Let’s talk about what a story is first:
- There’s the basic situation from an objective perspective: you’re sitting in front of your computer, you have a task to do.
- Then there’s the story you tell yourself about the situation: this is hard, I’m tired, I don’t want to do it, I deserve a break.
- We’re telling ourselves a story about things all the time — often it’s not even verbalized, but just felt.
- The story affects what we do: if we tell a story about deserving a break, we’ll put off the task and take a break.
In fact, our story controls us all the time. We’re not usually aware of it, but it’s always happening, and we act on it.
So the simple truth is, we need to become aware of our story in order to counteract it, in order to not be controlled by it. If we don’t notice the story, there’s nothing we can do. And we’ll keep procrastinating.
Awareness of Story
So it can be difficult to hear your own story. It’s happening in the back of your mind, and you don’t usually acknowledge that you’re even seeing things this way.
In your Unprocrastination Sessions, pause when you are about to switch tasks or quit. Ask yourself why … what is your reasoning for wanting to switch?
Some possibilities (among many):
- You are tired and want a break.
- Check email real quick/watching one more video won’t hurt.
- It won’t hurt to do it in a little while.
- This is hard, it sucks, let’s do something more fun.
- You’ve worked hard, you should get a treat.
- If you don’t check email/social media you might miss something important!
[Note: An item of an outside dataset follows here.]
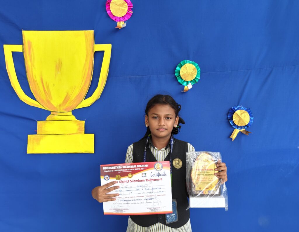 won 1st Prize at the Nedu Kombu event at the Inter District Silambam Tournament in the 12-13 years age category.organized by Gurushethra Silambambam Academy (under the National Martial Arts & Yoga Association.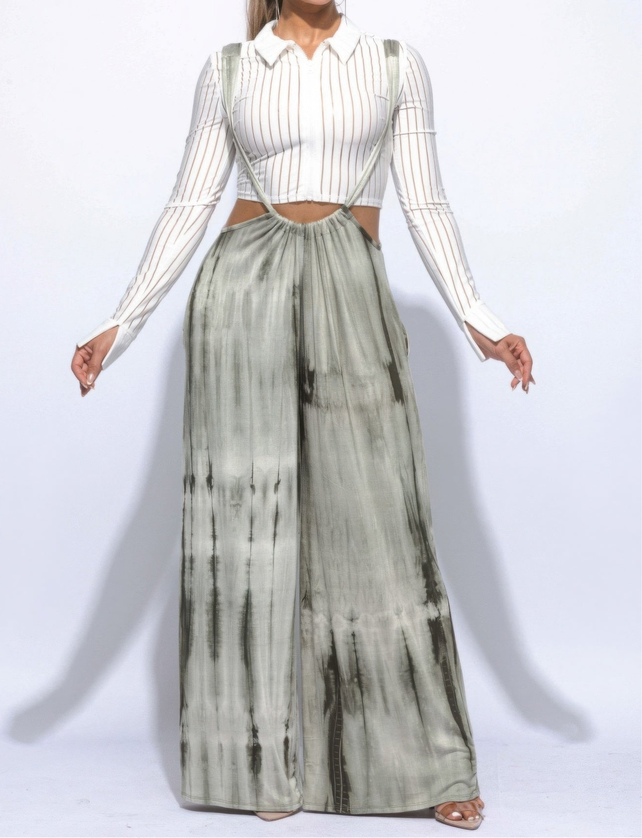 This jumpsuit offers a relaxed design and customizable fit, enhanced by the trendy tie-dye print. The olive color adds a sophisticated touch, making it a versatile addition to your wardrobe that can be styled for various occasions.

- Ooh, maybe you’ll learn something new or get a cool update if you go check on ___!
Of course, these are just some examples. I’ve used these many times myself. Even as I wrote this article. :)
So pay attention when you’re about to switch or quit, and ask yourself why, and what rationalization you’re giving yourself.
You can do this not only in your daily Unprocrastination Session, but during the rest of the day.
This doesn’t take long … it’s not the easiest thing to see your own stories, but I promise you, this is an incredible skill to develop it. Work on it!
What You Can Do
Once you’re aware of your story, you can actually change your story. The cool thing about the story is that it’s changeable. It’s plastic, fluid, malleable.
For example, instead of saying, “Just one more video won’t hurt,” you could say, “Actually, it hurt me the last few times, so that’s not true … how about, just one minute of doing this difficult task won’t hurt?”
Or instead of saying, “I deserve a break right now,” you could tell yourself, “I’m going to give myself 5 more minutes of hard work, then I’ll really deserve that break!”
As you can see, the second story is more helpful than the first. The first story actually causes you to hurt yourself by procrastinating. The second story helps you to help yourself.
Exercise
Spend the next week paying attention to your stories and rationalizations during your Unprocrastination Sessions and the rest of the day if possible.
Try changing your story once a day.
Share what stories you tell yourself in Slack.